Welcome back as we continue our exploration of the Sermon on the Mount. The next passage we take a look at may take us a few weeks to get our minds around. We all use words and those words can have several meanings. Sometimes we think we know what something means only to find out something was lost in the translation. We need to extend grace with the words we use and how we say them. Greetings in the name of our Lord and Savior, Jesus Christ.

Have you ever lost your temper? Threatened to do something to someone? Gone so far as to say we would alter the course of their life and not in a good way?

In life things happen. But when they happen to us, we react. We usually do not wait and sort out what really happened before we respond. We respond out of anger without even the slightest hint of restraint.  

In the heat of the moment we have been known to do things they may later regret.

Each of us have buttons, when pressed the words and actions that follow will not be fit for public consumption. We all lose it. We all overreact. The problem is when we do, we don’t reflect the character of God well.

In Paul’s letter to the Ephesians, he encourages us to act like we belong to God;

Ephesians 4:26-27; NLT; … And “don’t sin by letting anger control you.” Don’t let the sun go down while you are still angry, for anger gives a foothold to the devil.

What does it mean when we say things to others? Are words really that important?

When we say things or direct comments at people in anger, without knowing all the facts, we fall short of what God wants for us. We use comments that we wouldn’t say to their face. Some of the most damaging words are said behind their backs. Why is it easier to put someone down when they are not there?

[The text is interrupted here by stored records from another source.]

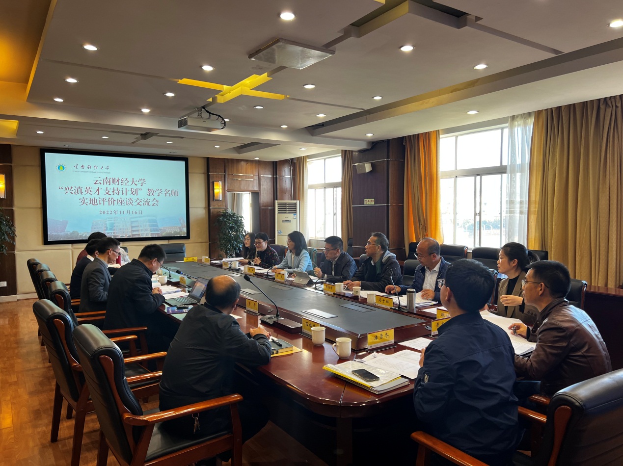 在实地评价期间,专家组同时对william王荣党、叶琼伟、段云龙3位“兴滇英才支持计划”教学名师进行了评价考察工作。专家组结合评价指标,查阅教学名师原始材料、随堂听课,并与教学名师教学团队成员及学生代表座谈对象开展座谈。座谈主要围绕中青年教师成长、相关项目支持经费管理及使用、课堂教学方式、就业和考研帮扶等内容与师生代表进行交流。
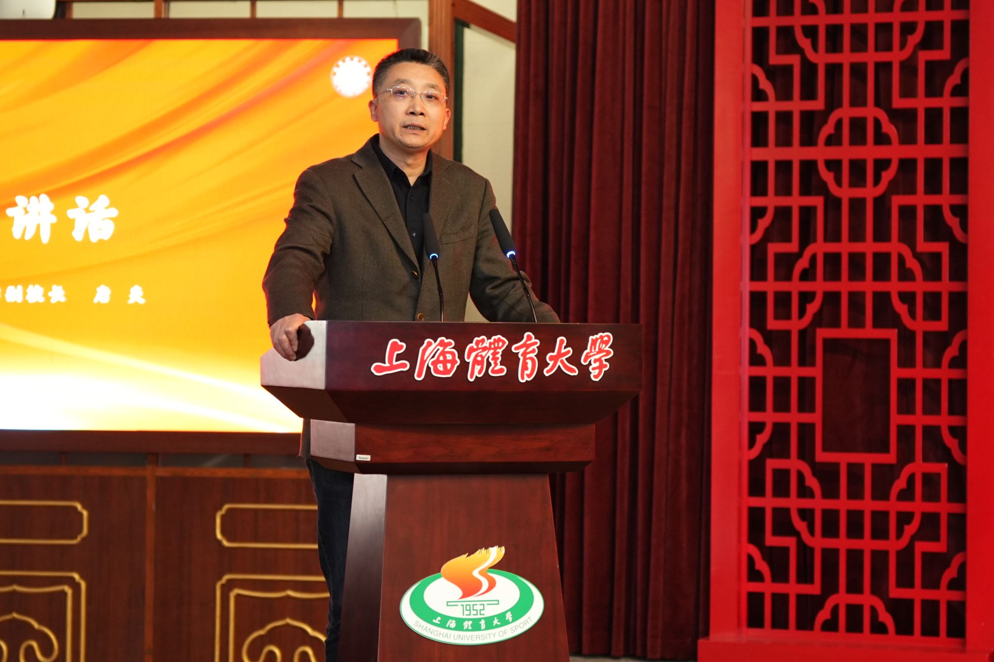 唐炎副校长充分肯定了体育教育学院在2024年取得的各项成绩,并向全体教职工的辛勤付出表示衷心地感谢。他强调,学院要深入贯彻党的教育方针,紧抓时代机遇,扎实推进体育教育改革创新,提升人才培养的时代性和适应性,推动高水平学科建设和高质量发展。他希望全院师生进一步凝聚共识、勇担使命,以更加饱满的热情和昂扬的姿态,在新的一年中奋楫扬帆、行稳致远,为学校“双一流”建设和体育教育事业发展贡献智慧和力量。他还为大家送上新年祝福,在新的一年幸福安康,努力工作,取得新成果、新突破、新发展。
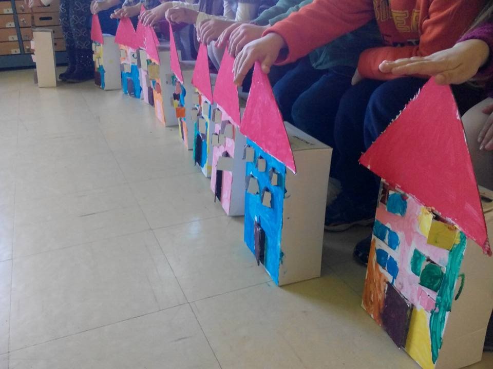 και … φτιάξαμε τα αγαπημένα μας σπιτάκια της κάθε οικογένειας. Μεταμορφώσαμε με άλλα λόγια άδεια κουτιά παπουτσιών σε σπιτάκια. Τα παιδιά τα χρωμάτισαν και η νηπιαγωγός άνοιξε απλώς τόσα παράθυρα όσα και τα μέλη της κάθε οικογένειας, όπου σε κάθε παράθυρο στερεώθηκε η φωτογραφία ενός προσώπου της οικογένειας!!! Παίξαμε με τα σπιτάκια πολύ, ασχοληθήκαμε πολύ… και τέλος τα παιδιά τα πήραν στο σπίτι ως ενθύμιο ΚΑΤΕΝΘΟΥΣΙΑΣΜΕΝΑ!!!
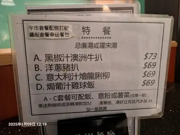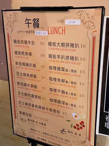 新年仲有午餐下午茶提供,套餐包餐湯餐包。重點係價錢上邊只有+1冇另外的服務費。今次嗌咗個鐵板肉眼,鐵板夠熱,肉嘅份量亦夠多。但係肉嘅質素就始終一般般,但以唔夠$100嚟講係一個唔錯嘅選擇。
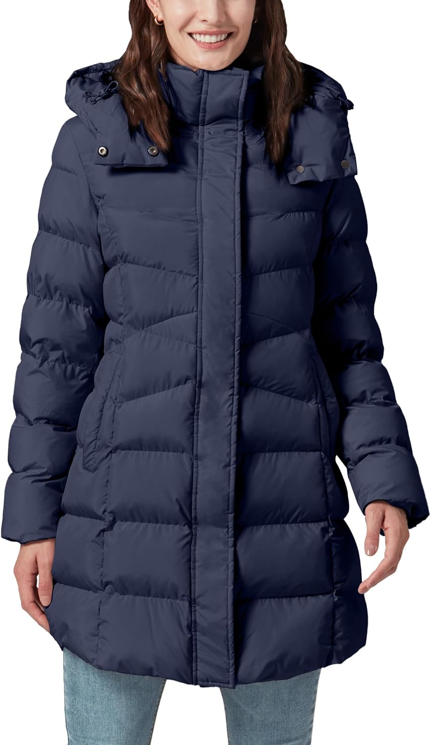 Women's Winter Warm Long Puffer Jacket Detachable Hood Quilted Thicken Coats
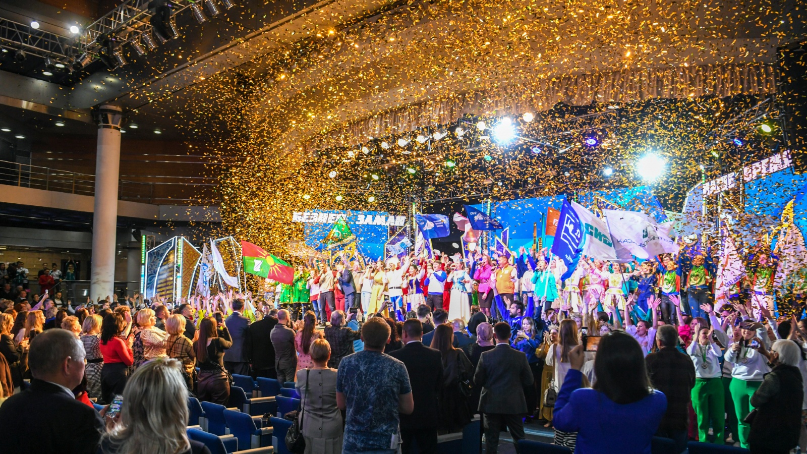 В Казани состоялся гала-концерт X ежегодного открытого республиканского телевизионного фестиваля творчества работающей молодежи «Наше время – Безнең Заман». В мероприятии приняли участие Президент Республики Татарстан Рустам Минниханов, председатель Ассоциации «Совет муниципальных образований Республики Татарстан» Экзам Губайдуллин и другие.

Think about driving in your car. How many times do you direct comments at other drivers? How many of those comments are complimentary? It is a byproduct of the world we live in. We think we know how everyone else should be doing things. Nothing could be further from the truth. In these days and times, we have no idea what is going on in the lives of others. I have had to remind myself; I don’t know what they are dealing with, extend to them some grace.

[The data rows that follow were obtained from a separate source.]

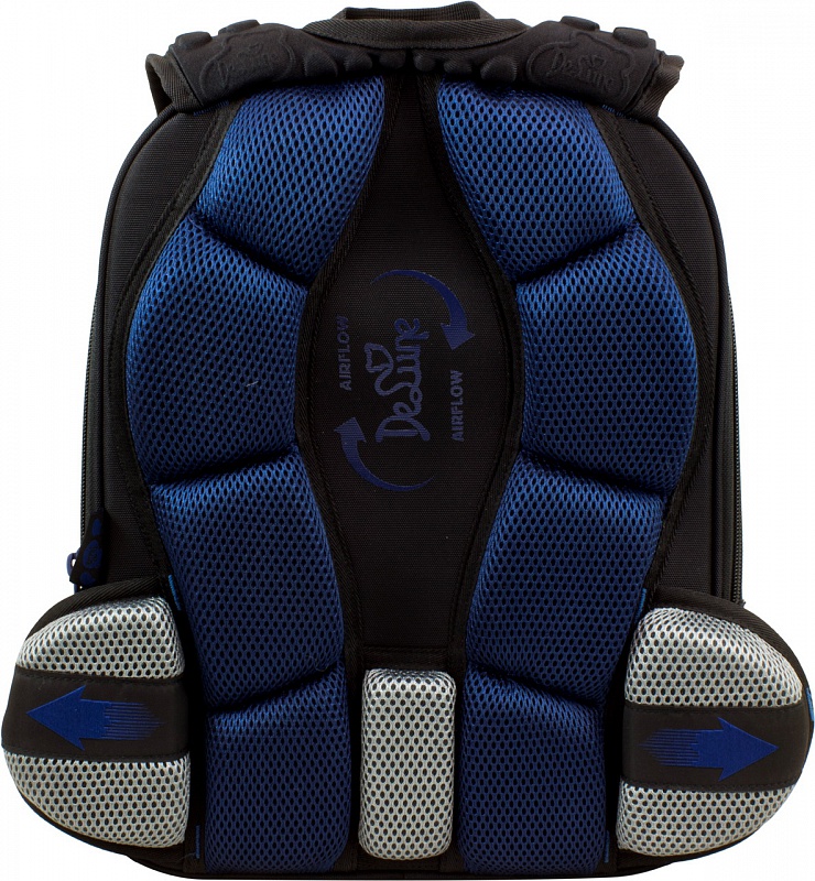 Эргономичная спинка ранца, разработана по новым технологиям, которые учитывают все особенности анатомии ребенка. Позвоночник защищен специально сконструированной спинкой с саморегулируемой боковой поддержкой, которая при ходьбе не позволяет смещаться ранцу в стороны, надежно фиксируя на пояснице, и подходит ребенку любой комплекции. Надежная фиксация делает ношение максимально удобным.
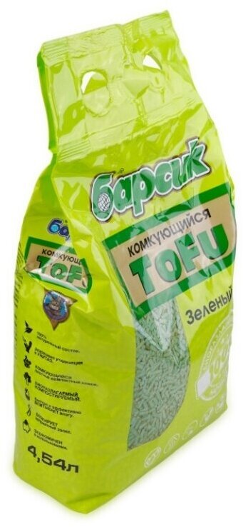 Наполнитель комкующийся Барсик Tofu зеленый чай 15 л
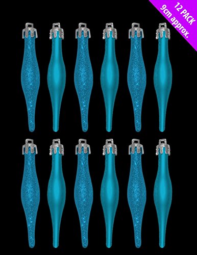 12 x 9cm TURQUOISE Glitter + Matt Droplet Christmas Tree Decorations by Christmas Shop
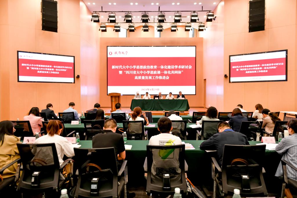 4月29日,新时代大中小学思想政治教育一体化建设学术研讨会暨“四川省大中小学思政课一体化共同体”高质量发展工作推进会在我校生活服务中心召开。
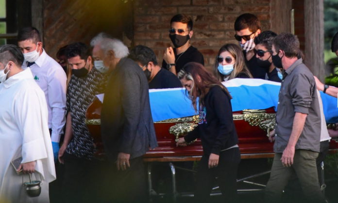 La ceremonia care a avut loc la cimitirul din capitala Argentinei au participat doar rudele şi prietenii apropiaţi ai starului argentinian.
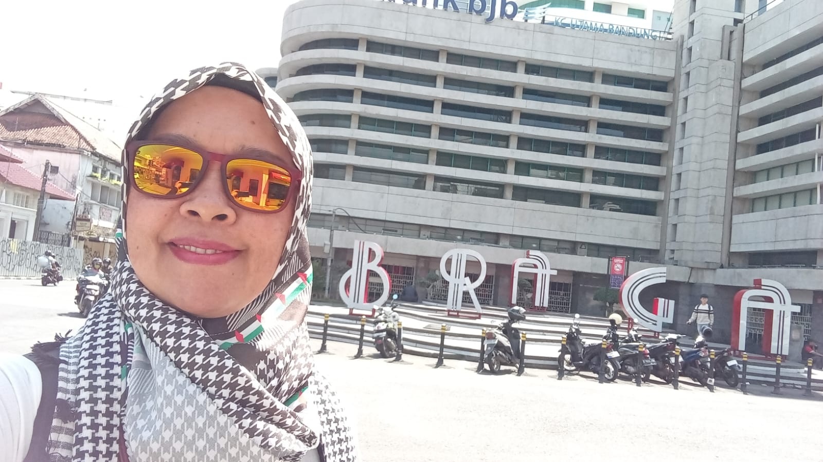 Diseberang kanan ada Sarinah bedekatan dengan Bank Pembangunan Daerah Jawa Barat dan Banten atau Bank BJB. Tulisan Braga dengan huruf sebesar orang dewasa dan berjarak warna putih dipadukan warna merah disetiap sisinya menambah indah saat kita berfoto.
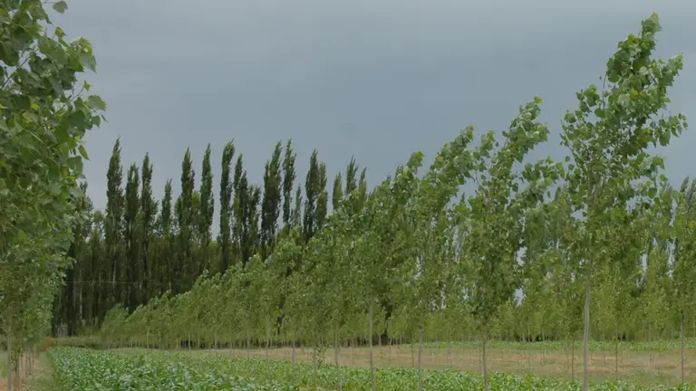 En los valles del norte de la Patagonia utilizan álamos y sauces como cortinas rompevientos para proteger diferentes cultivos –frutícolas, vitícolas, hortícolas, forrajeros– y forestaciones en macizo destinadas a la producción de madera y postes de calidad.

Take a look at this passage and let’s spend some time to explore it.

Matthew 5:21-26, “You have heard that it was said to the people long ago, `Do not murder, and anyone who murders will be subject to judgment.’ But I tell you that anyone who is angry with his brother will be subject to judgment. Again, anyone who says to his brother, `Raca, ‘ is answerable to the Sanhedrin. But anyone who says, `You fool!’ will be in danger of the fire of hell.

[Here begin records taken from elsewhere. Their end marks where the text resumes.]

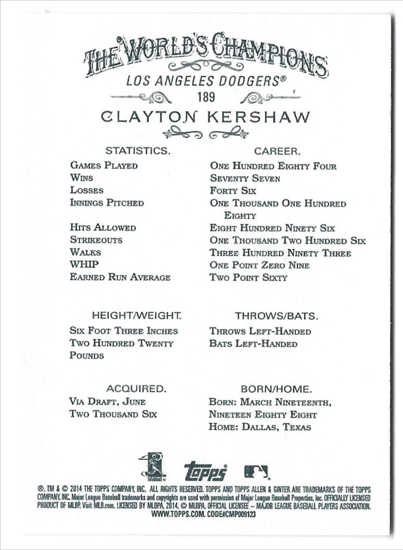 | 2014 Topps Allen & Ginter Clayton Kershaw #189 **READ&SAVE** Los Angeles Dodgers | ||||||||||||||||||
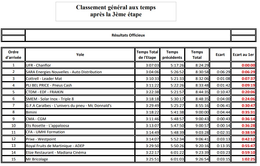 Avant les cayes entre le Robert et le François, Cottrell/Leader Mat a 3'46" d'avance sur Sara/autodistribution et 4'10" sur UFR/Chanflor
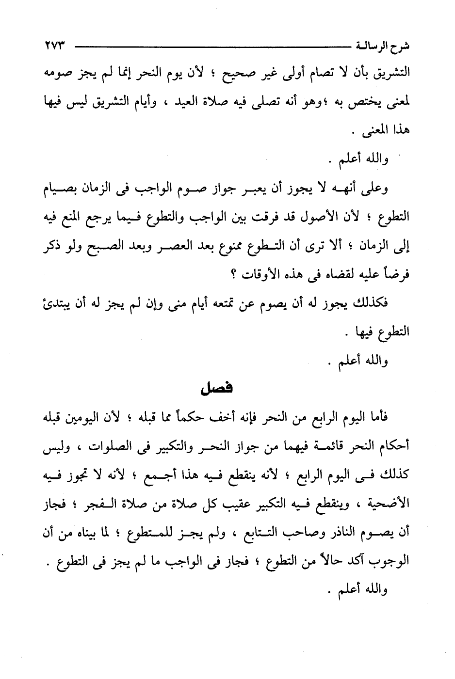 فأما اليوم الرابع من النحر فإنه أخف حكما مما قبله؛ لأن اليومين قبله أحكام النحر قائمة فيهما من جواز النحر والتكبير في الصلوات، وليس كذلك في اليوم الرابع؛ لأنه ينقطع فيه هذا أجمع؛ لأنه لا تجوز فيه الأضحية، وينقطع فيه التكبير عقيب كل صلاة من صلاة الفجر؛ فجاز أن يصوم الناذر وصاحب التتابع، ولم يجز للمتطوع؛ لما بيناه من أن الوجوب أكد حالا من التطوع؛ فجاز في الواجب ما لم يجز في التطوع.
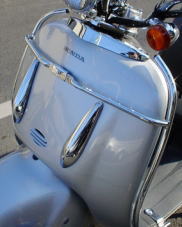 正面から見ると肩にプロテクターを付けた戦士のような結構な迫力で、ちょっと見は 50cc/90cc には見えないと思います。
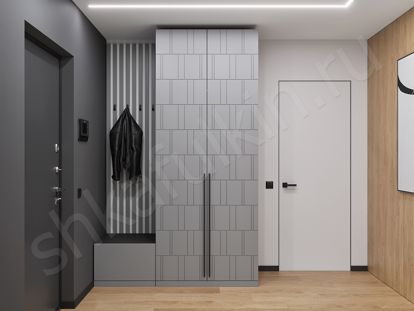 Общий размер прихожей: 1600х2500х580 мм.
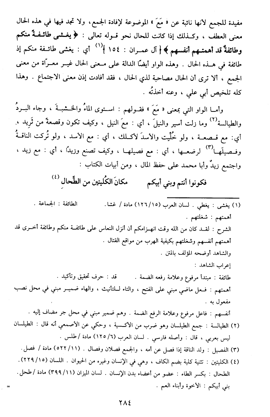 مفيدة للجمع لأنها نائبة عن "مع" الموضوعة لإفادة الجمع، ولا تجد فيها في هذه الحال معنى العطف، وكذلك إذا كانت للحال نحو قوله تعالى: {يَغْشَى طَائِفَةً مِنْكُمْ وَطَائِفَةٌ قَدْ أَهَمَّتْهُمْ أَنْفُسُهُمْ} [آل عمران: من الآية 154] 1 أي: يغشى طائفة منكم إذ طائفة في هذه الحال. وهذه الواو أيضًا الدالة على معنى الحال غير معراة من معنى الجمع، ألا ترى أن الحال مصاحبة لذي الحال، فقد أفادت إذن معنى الاجتماع. وهذا كله تلخيص أبي علي، وعنه أخذته.
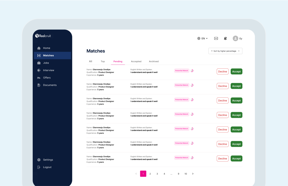 Design and prototype of the Reelcruit admin dashboard and Reelcruiters admin dashboard (desktop view only).
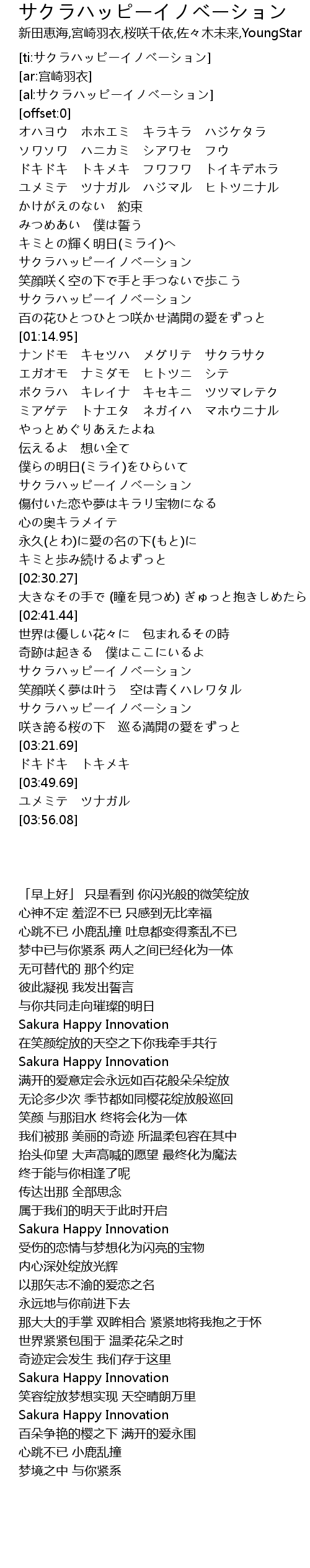 | [03:13.58] | 咲き誇る桜の下 巡る満開の愛をずっと |

   “Therefore, if you are offering your gift at the altar and there remember that your brother has something against you, leave your gift there in front of the altar. First go and be reconciled to your brother; then come and offer your gift.

   “Settle matters quickly with your adversary who is taking you to court. Do it while you are still with him on the way, or he may hand you over to the judge, and the judge may hand you over to the officer, and you may be thrown into prison. I tell you the truth, you will not get out until you have paid the last penny.

If I asked you if you committed murder, you would say no. Well, I hope you would. But take a look at the passage. Jesus says if you even call someone a fool or Raca, which means worthless, you have violated this commandment. Murder is not the same as killing. We think of killing as taking someone’s life. Jesus says murder is killing someone’s spirit.

When we tear someone down with words, we kill their spirit. We devalue them. When we do not value what God values, we elevate ourselves above God. We do not have that right. God values each one of us the same. In God’s eyes we all have worth.

Jesus tells us that when we do not show others the same value that God has for us, we, in effect, murder them, kill their spirit. Jesus says we do not have the right to do that.

I know this is more far reaching than we have considered when we think about the commandment do not murder. That is why Jesus felt compelled to help us understand it better. The things that reflect the character of God build up people. They are beneficial to showing others we care for them and they have value.

Galatians 5:22-23; NLT; But the Holy Spirit produces this kind of fruit in our lives: love, joy, peace, patience, kindness, goodness, faithfulness, gentleness, and self-control. There is no law against these things!

Many times, we don’t consider the words we use as that harmful, but think about what Jesus is saying. We need to value what God values. We do not have the right to cut down what He has created.

Think about the words we use this week. Maybe ask yourself the question; Do these words build or teardown? It makes no matter if they are used in public or just in your mind, they set the stage for a thought process and lifestyle that doesn’t honor God. Even if you keep them to yourself, eventually they will find their way to your tongue. Then they can’t be taken back.

Philippians 4:8; NLT; And now, dear brothers and sisters, one final thing. Fix your thoughts on what is true, and honorable, and right, and pure, and lovely, and admirable. Think about things that are excellent and worthy of praise.

Ask God for forgiveness for the times we cut others down with words. Ask God to help us focus our minds on things that encourage and lift each other up. Ask God to help us use the right words.